Beginning with the line of the entries below that holds "Funny 8 Ball" and ending with the line that holds "In this example, we", transcribe each line exactly as written. Pictures stay out.

_Given records:_
#####
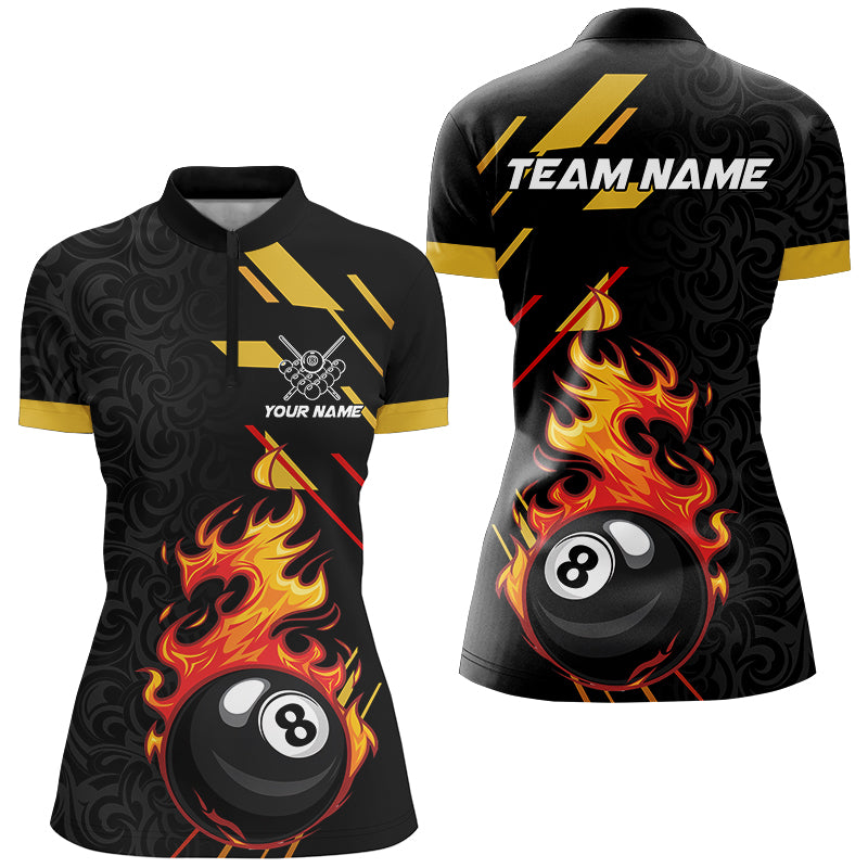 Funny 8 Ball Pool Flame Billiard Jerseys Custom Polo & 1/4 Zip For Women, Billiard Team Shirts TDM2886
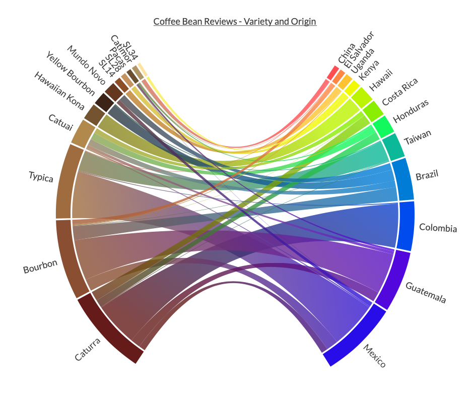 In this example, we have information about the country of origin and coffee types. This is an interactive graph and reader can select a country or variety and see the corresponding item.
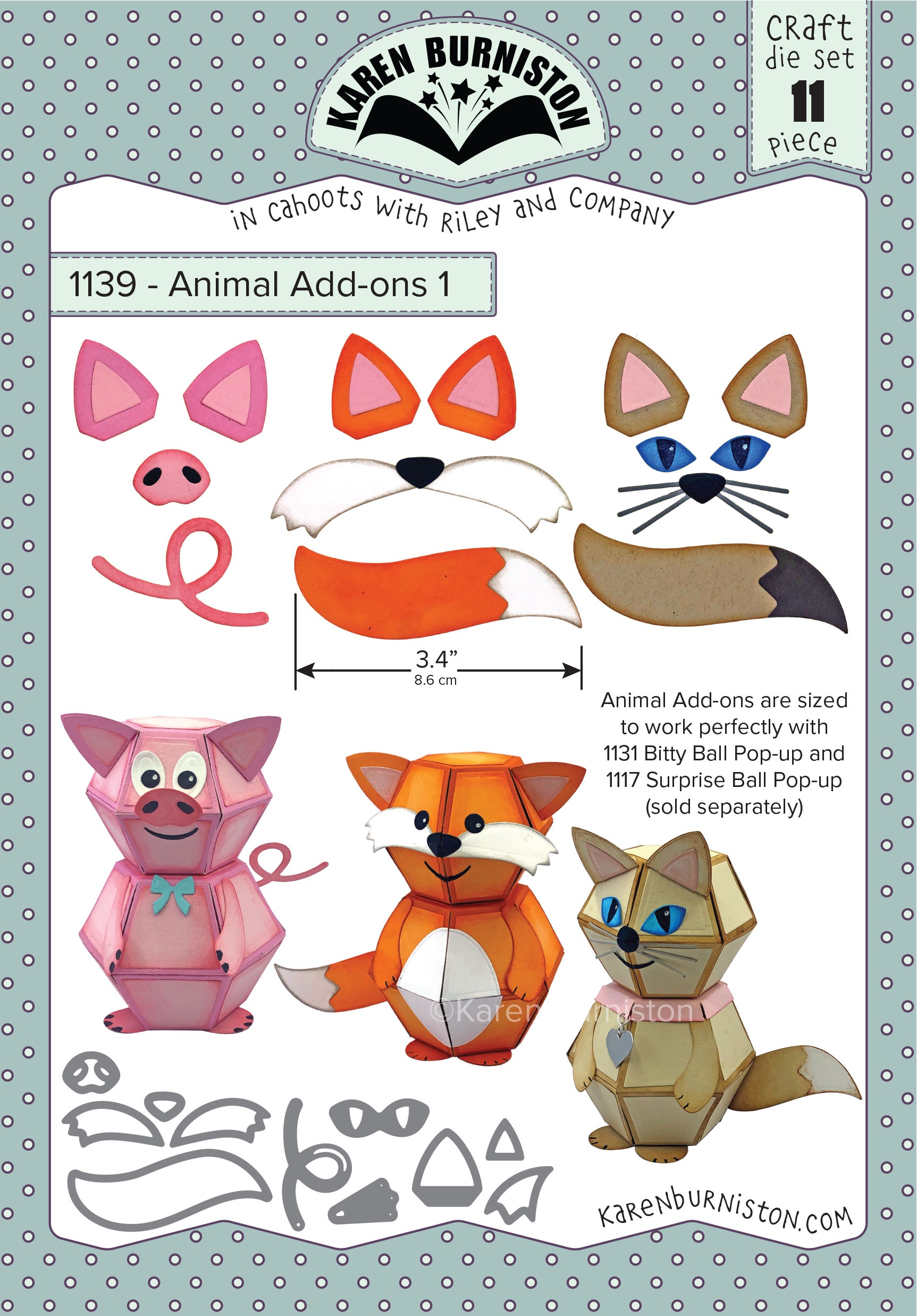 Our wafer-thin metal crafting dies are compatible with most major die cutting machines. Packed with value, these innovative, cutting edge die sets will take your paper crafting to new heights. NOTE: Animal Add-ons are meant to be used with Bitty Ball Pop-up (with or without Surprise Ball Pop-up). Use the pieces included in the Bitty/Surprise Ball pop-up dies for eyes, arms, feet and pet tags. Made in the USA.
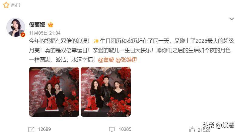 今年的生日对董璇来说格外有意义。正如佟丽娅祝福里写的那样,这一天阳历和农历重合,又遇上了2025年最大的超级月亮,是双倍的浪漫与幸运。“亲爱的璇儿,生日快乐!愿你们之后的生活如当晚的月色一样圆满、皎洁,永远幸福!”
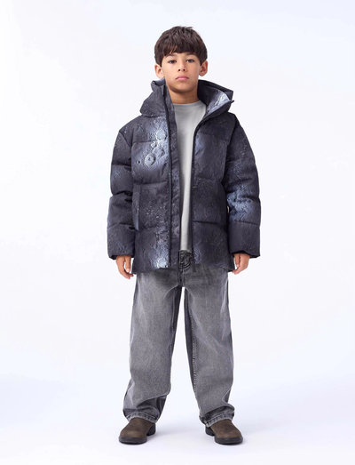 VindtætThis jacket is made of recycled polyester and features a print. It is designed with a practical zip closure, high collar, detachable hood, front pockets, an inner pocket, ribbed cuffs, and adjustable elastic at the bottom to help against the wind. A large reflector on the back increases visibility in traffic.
#####
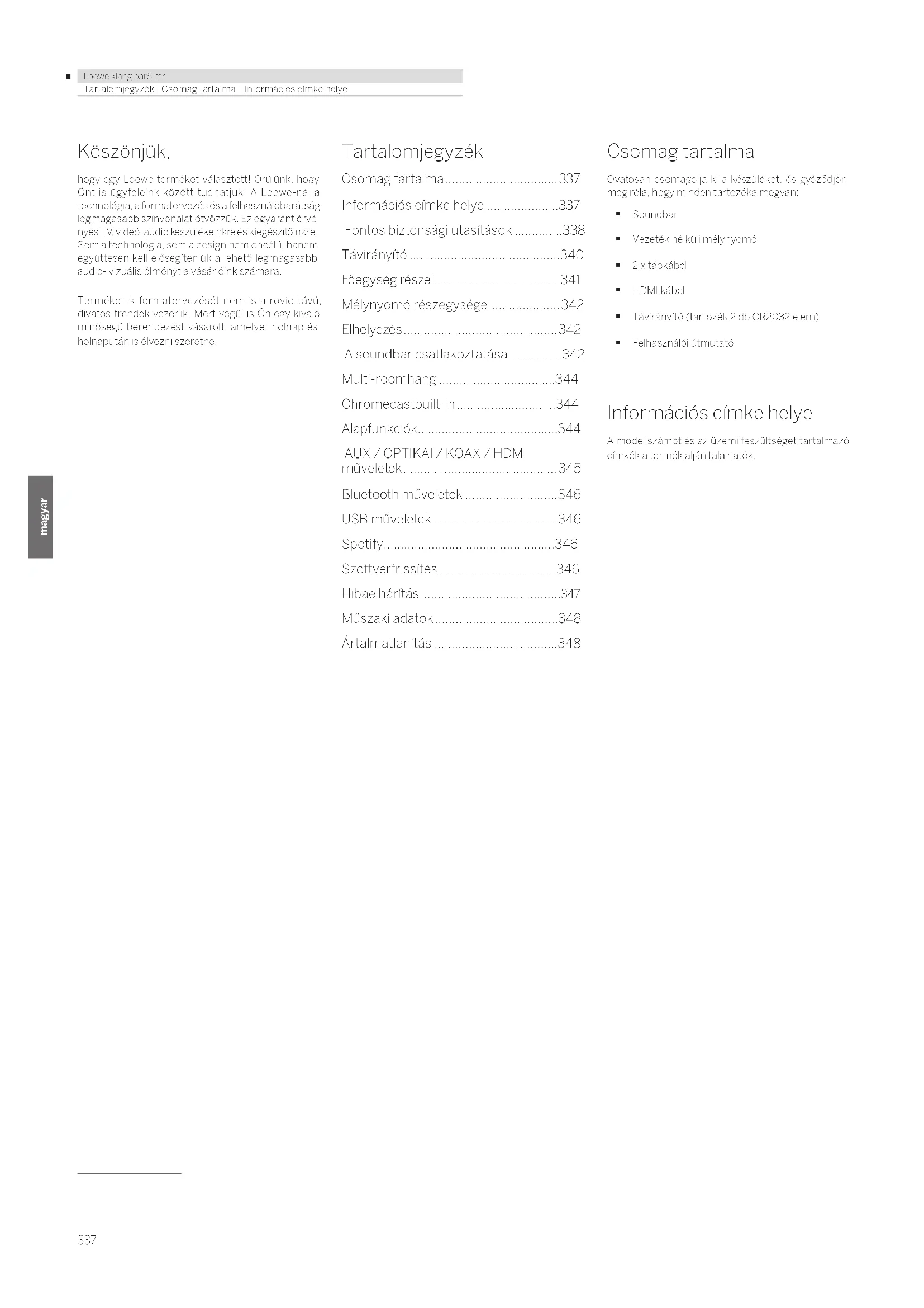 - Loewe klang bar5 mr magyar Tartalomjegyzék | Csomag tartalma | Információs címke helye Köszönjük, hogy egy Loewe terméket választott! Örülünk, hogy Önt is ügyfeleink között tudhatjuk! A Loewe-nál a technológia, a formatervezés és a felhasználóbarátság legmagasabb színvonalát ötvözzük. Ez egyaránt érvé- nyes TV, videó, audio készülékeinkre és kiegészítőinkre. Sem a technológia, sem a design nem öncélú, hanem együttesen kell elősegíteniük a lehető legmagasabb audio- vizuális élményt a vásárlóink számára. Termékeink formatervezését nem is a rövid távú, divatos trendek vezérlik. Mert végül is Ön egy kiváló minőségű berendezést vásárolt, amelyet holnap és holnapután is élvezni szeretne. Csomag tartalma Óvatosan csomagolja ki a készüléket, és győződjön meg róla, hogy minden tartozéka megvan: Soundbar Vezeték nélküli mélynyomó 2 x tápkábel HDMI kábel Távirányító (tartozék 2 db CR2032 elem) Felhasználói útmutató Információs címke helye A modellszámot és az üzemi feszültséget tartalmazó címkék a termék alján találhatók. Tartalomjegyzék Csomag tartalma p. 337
#####
_Solution for this task:_
 Funny 8 Ball Pool Flame Billiard Jerseys Custom Polo & 1/4 Zip For Women, Billiard Team Shirts TDM2886
 In this example, we have information about the country of origin and coffee types. This is an interactive graph and reader can select a country or variety and see the corresponding item.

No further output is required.